Maritime strikes, mainland threats: U.S. military shadows Venezuela amid regime change whispers
TEHRAN – A concentrated U.S. military presence in the Caribbean — warships, patrol planes, MQ-9 drones, an F-35 squadron, and bomber flights — has sharply narrowed the political and diplomatic space around Venezuela.
Supersonic B-1 Lancer flights near the Venezuelan coast on October 23, following B-52 missions joined by Marine F-35s, read less like routine training to many observers than like a calibrated show of force designed to pressure Caracas.
Additionally, the U.S. announced the deployment of troops to Trinidad and Tobago for ‘military exercises,’ just across a channel less than 13 miles from Venezuela’s coast.
Washington says the deployments are aimed at transnational “drug cartels.” Critics, however, highlight the operation’s scale, the shift from law-enforcement language to wartime framing, and the combative rhetoric of the U.S. president and other senior officials.
They argue these elements suggest counternarcotics is serving as a pretext for broader objectives — including regime change and securing access to Venezuela’s hydrocarbons and mineral wealth.
The shift is particularly stark when U.S. officials have borrowed post-9/11 diction and operational logic, treating cartels as external “terrorist” networks to be hunted across maritime and sovereign boundaries.
Those shifts have already produced lethal outcomes.

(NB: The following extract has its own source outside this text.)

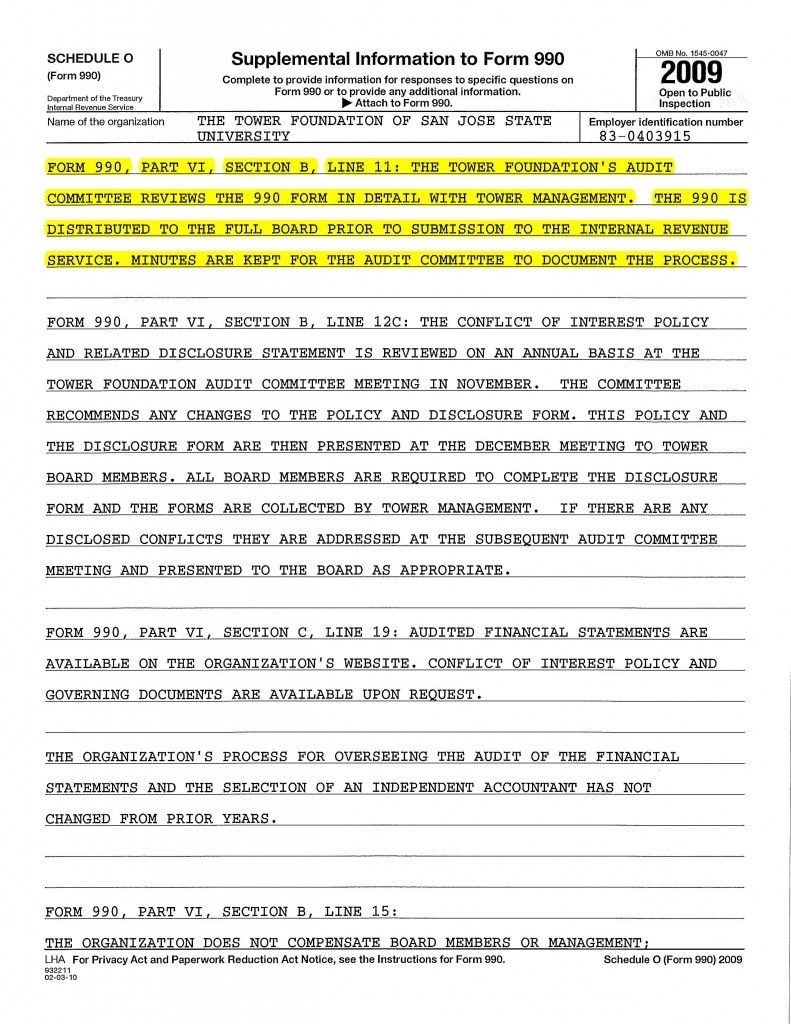 “Form 990, Part VI, Section B, Line 11: The Tower Foundation’s audit committee reviews the 990 form in detail with tower management. The 990 is distributed to the full board prior to submission to the Internal Revenue Service. Minutes are kept for the audit committee to document the process.”

Since early September, U.S. strikes on vessels in international waters off Venezuela and in the eastern Pacific have killed dozens.
Public tallies put the toll at roughly 46 people across multiple incidents; the absence of transparent evidence and clear legal process has prompted accusations from regional governments and international rights experts that the strikes risk extrajudicial killings and erode established norms.

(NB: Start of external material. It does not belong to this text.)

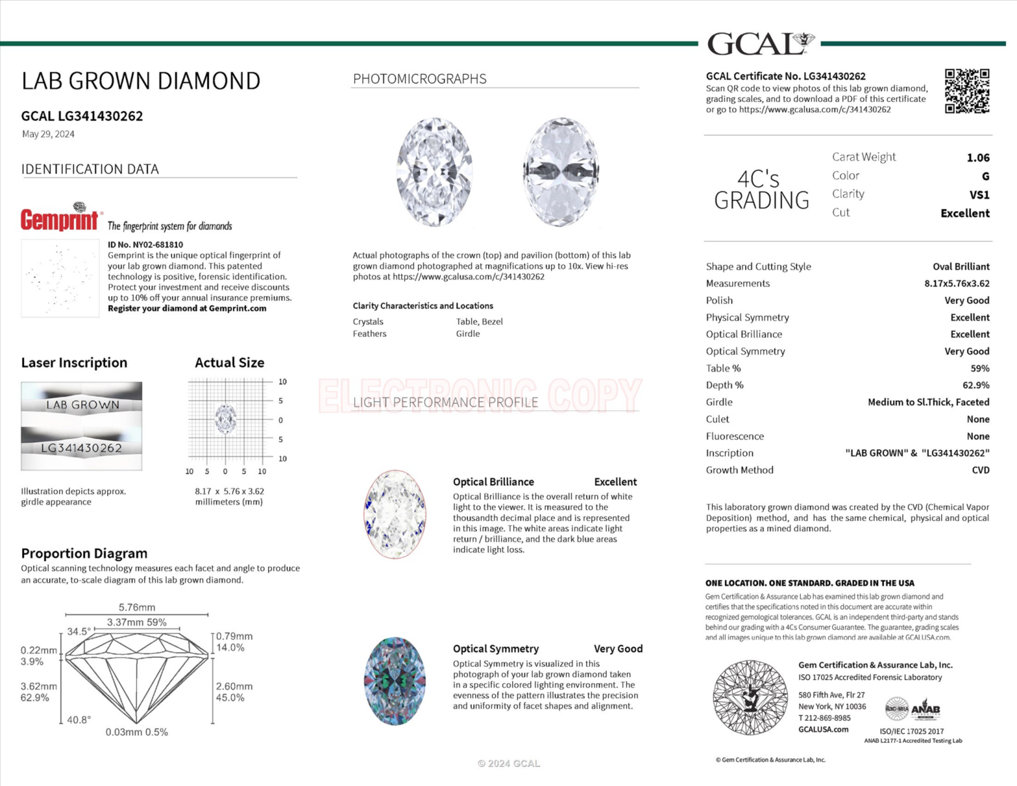 Your 1.06 carat Oval lab diamond is graded G color (Near Colorless), and you can read more about G color diamonds here.

Rhetoric has matched force. President Trump’s recent declaration that the U.S. has “legal authority” to strike alleged drug transports — and his explicit warning that “we will hit them very hard when they come in by land” — escalates the danger by openly contemplating terrestrial operations that would cross a sovereign threshold. “We’re not happy with Venezuela for a lot of reasons,” Trump bluntly remarked.

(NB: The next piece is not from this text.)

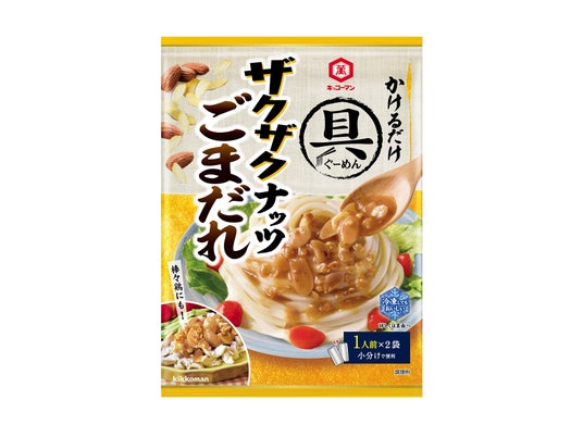 ■「具麺 ザクザクナッツごまだれ」ザクザクとした食感のアーモンドと、香ばしさとコクにこだわった2種のねりごまを使用し、やみつきになる味わいが特徴です。アーモンドの食感と芳醇なごまの風味がうどんによく合います。加熱した鶏肉にかけて「バンバンジー」などのアレンジメニューも楽しめます。

Such public signaling compresses options for diplomacy and increases the chance of miscalculation.
Caracas has responded with a mixture of defiance and public appeals for calm.
President Nicolás Maduro has accused Washington of an “open conspiracy” to unseat him, announced expanded coastal defenses, and notably claimed large deployments of Igla-S and other air-defense systems — a message aimed at deterring invasion while projecting unity between armed forces and popular militias.
Still, his repeated, unmistakable plea — “No crazy war… peace, peace, peace” — underscores that Venezuela’s leadership wants to avoid an all-out conflict.
Diplomacy has faltered. Earlier engagement led by U.S. envoy Richard Grenell collapsed amid mutual distrust and Washington’s insistence that Maduro relinquish power, a condition Caracas treated as proof that talks were a prelude to regime change. Opposition leader María Corina Machado’s Nobel Prize has heightened her profile, providing outside powers with a new focal point for advancing interventionist narratives.
Concurrently, Secretary of State Marco Rubio’s entrenched hardline stance — branding Maduro illegitimate, driving sanctions, and endorsing coercive measures — has further constricted the political space for genuine dialogue.
Moreover, the sudden announcement of Admiral Alvin Holsey’s early retirement from U.S. Southern Command — two years ahead of schedule — has fueled speculation in the Pentagon and on Capitol Hill about internal dissent over the legality of strikes near Venezuela and frictions with civilian leadership, according to The Intercept.
His departure underscores mounting strains in command cohesion and oversight amid the Caribbean military buildup.
In a nation already scarred by sanctions and economic siege, each new strike and threat heightens the risk of miscalculation.
The choice is stark: defuse the spiral of unilateral force and coercion, or allow the dangerous normalization of regime change by military means.